- **Records to process**
=-=-=

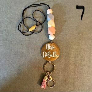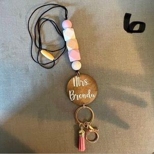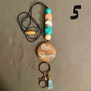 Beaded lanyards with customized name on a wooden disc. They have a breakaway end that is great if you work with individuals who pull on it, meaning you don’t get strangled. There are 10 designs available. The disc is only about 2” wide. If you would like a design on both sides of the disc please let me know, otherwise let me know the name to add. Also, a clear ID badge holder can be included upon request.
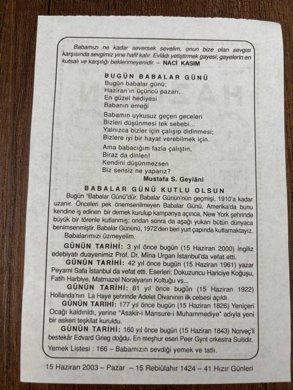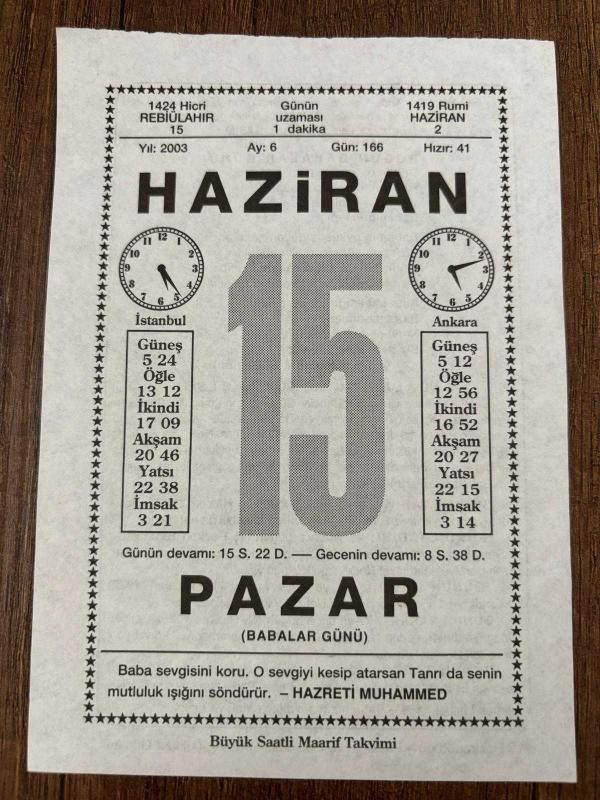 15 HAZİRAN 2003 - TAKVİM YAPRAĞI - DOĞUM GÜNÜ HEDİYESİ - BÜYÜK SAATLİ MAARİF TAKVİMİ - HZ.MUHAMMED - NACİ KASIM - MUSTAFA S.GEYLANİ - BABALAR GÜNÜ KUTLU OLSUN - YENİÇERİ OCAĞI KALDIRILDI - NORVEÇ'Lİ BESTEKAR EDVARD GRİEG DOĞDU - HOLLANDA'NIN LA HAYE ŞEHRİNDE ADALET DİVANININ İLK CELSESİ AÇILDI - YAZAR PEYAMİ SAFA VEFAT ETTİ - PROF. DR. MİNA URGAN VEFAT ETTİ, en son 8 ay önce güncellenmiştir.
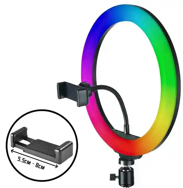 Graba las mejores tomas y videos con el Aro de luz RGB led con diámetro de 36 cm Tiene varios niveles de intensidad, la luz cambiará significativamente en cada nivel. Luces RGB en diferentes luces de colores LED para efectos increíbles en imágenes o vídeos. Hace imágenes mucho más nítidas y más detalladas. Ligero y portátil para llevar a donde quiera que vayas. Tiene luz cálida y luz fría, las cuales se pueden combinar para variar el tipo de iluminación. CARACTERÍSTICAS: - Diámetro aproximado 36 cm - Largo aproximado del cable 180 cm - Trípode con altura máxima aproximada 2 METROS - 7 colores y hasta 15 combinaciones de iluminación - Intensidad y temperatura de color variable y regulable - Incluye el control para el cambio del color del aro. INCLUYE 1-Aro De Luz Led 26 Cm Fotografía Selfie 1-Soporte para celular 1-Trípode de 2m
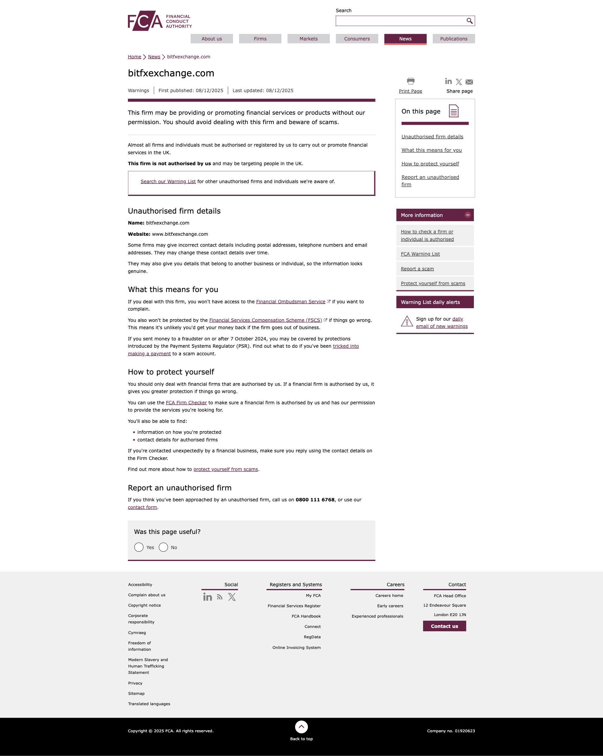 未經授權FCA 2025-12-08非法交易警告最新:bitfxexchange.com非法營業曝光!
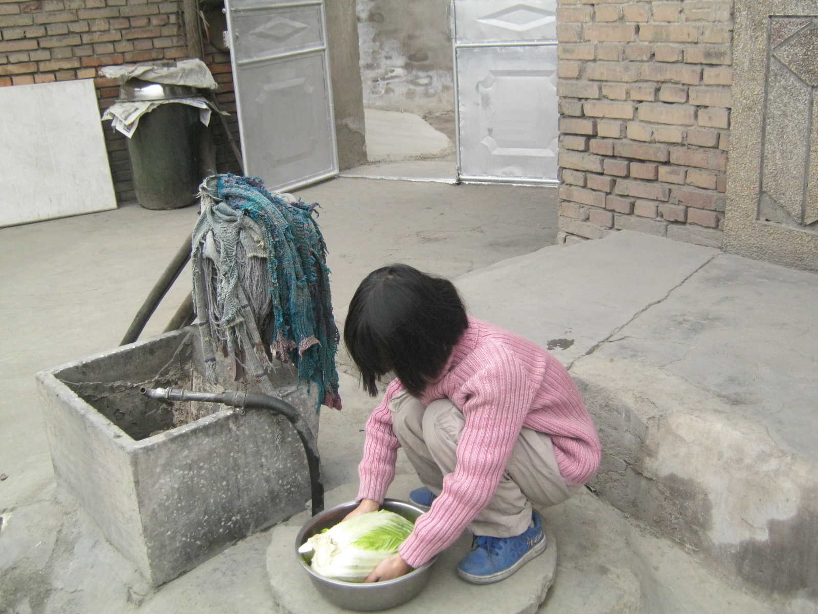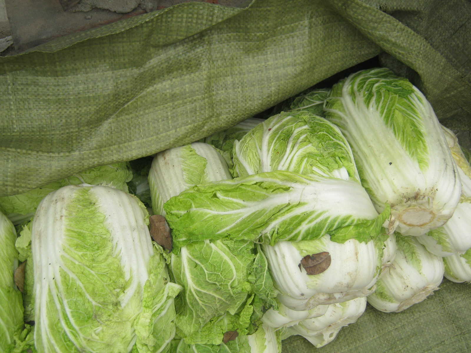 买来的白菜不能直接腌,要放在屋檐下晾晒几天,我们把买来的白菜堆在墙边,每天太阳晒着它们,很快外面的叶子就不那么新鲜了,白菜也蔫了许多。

=-=-=

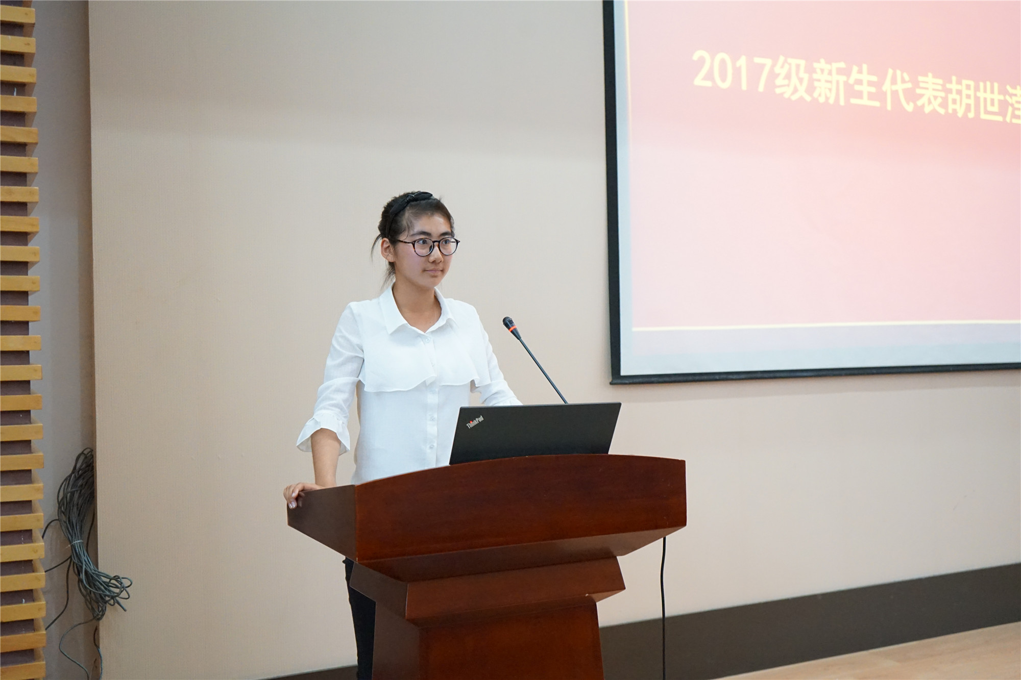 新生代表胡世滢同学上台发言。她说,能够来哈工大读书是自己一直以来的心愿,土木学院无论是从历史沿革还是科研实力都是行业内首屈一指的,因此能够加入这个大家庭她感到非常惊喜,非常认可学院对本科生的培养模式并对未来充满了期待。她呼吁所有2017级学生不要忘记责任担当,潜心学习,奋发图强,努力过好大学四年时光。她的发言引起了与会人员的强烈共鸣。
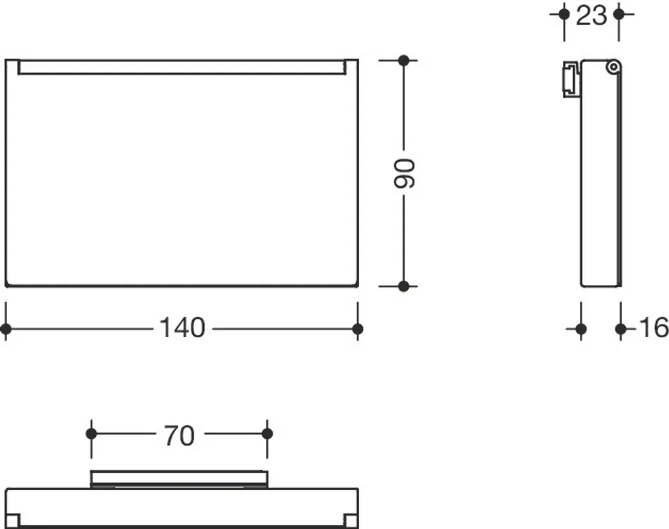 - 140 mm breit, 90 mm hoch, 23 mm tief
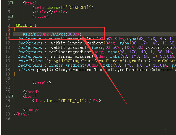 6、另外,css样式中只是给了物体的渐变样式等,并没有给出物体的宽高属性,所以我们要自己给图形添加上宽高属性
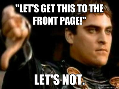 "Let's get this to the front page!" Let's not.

=-=-=

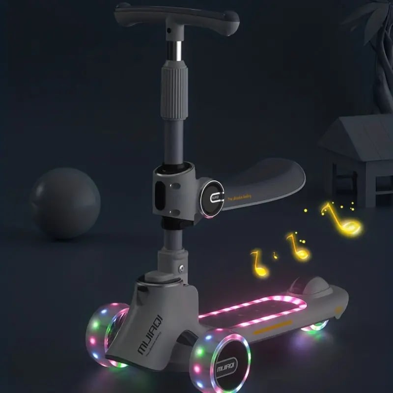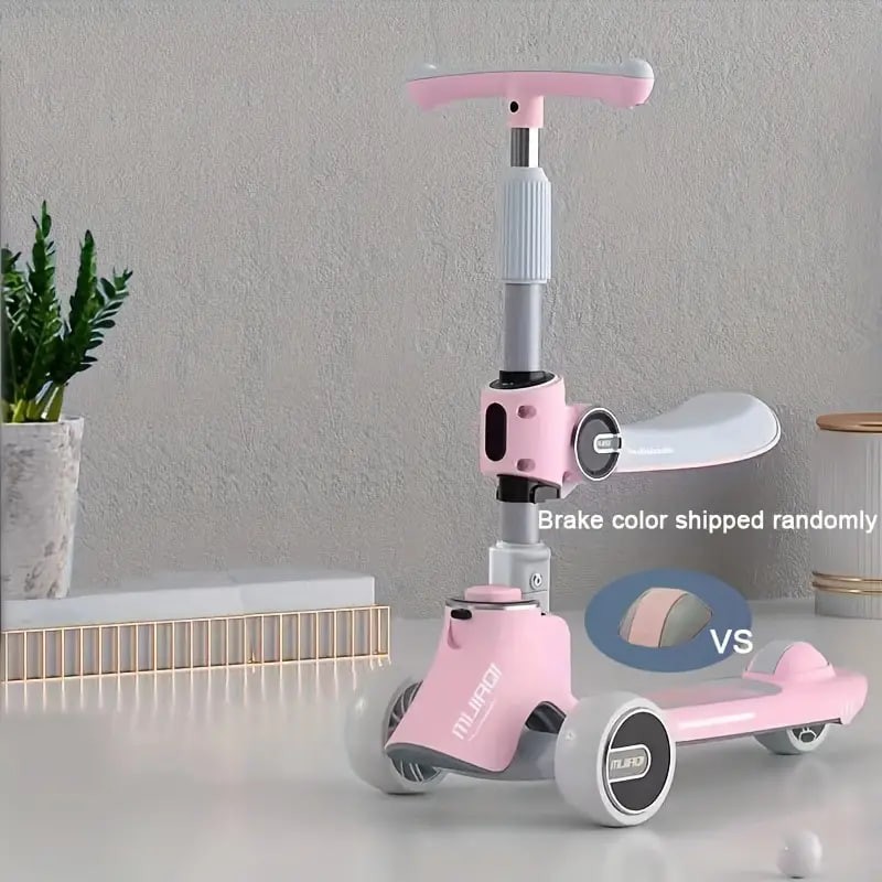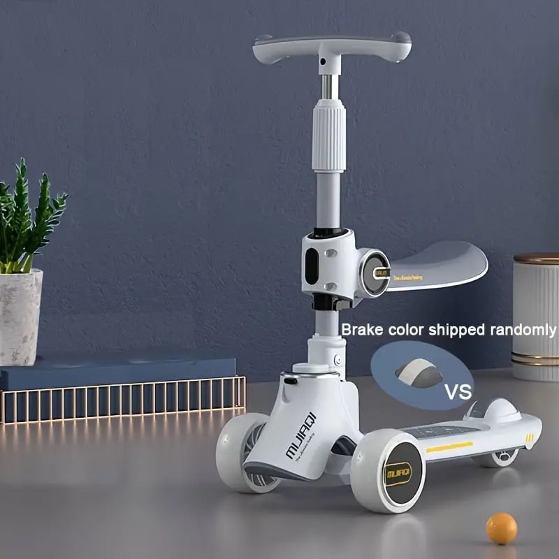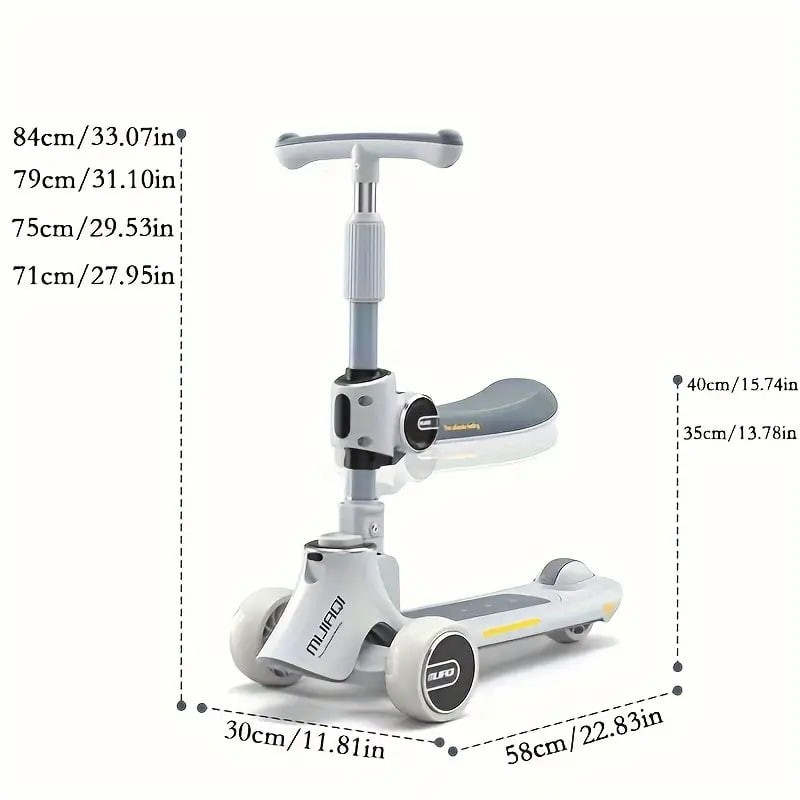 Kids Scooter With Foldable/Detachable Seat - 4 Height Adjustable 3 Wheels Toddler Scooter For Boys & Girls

=-=-=

- **About this exercise**
Would you restate, exactly and with no pictures, the lines of the entries above from the one containing "6、另外,css样式中只是给" through the one containing "get this to"?

- **Exercise result**
 6、另外,css样式中只是给了物体的渐变样式等,并没有给出物体的宽高属性,所以我们要自己给图形添加上宽高属性
 "Let's get this to the front page!" Let's not.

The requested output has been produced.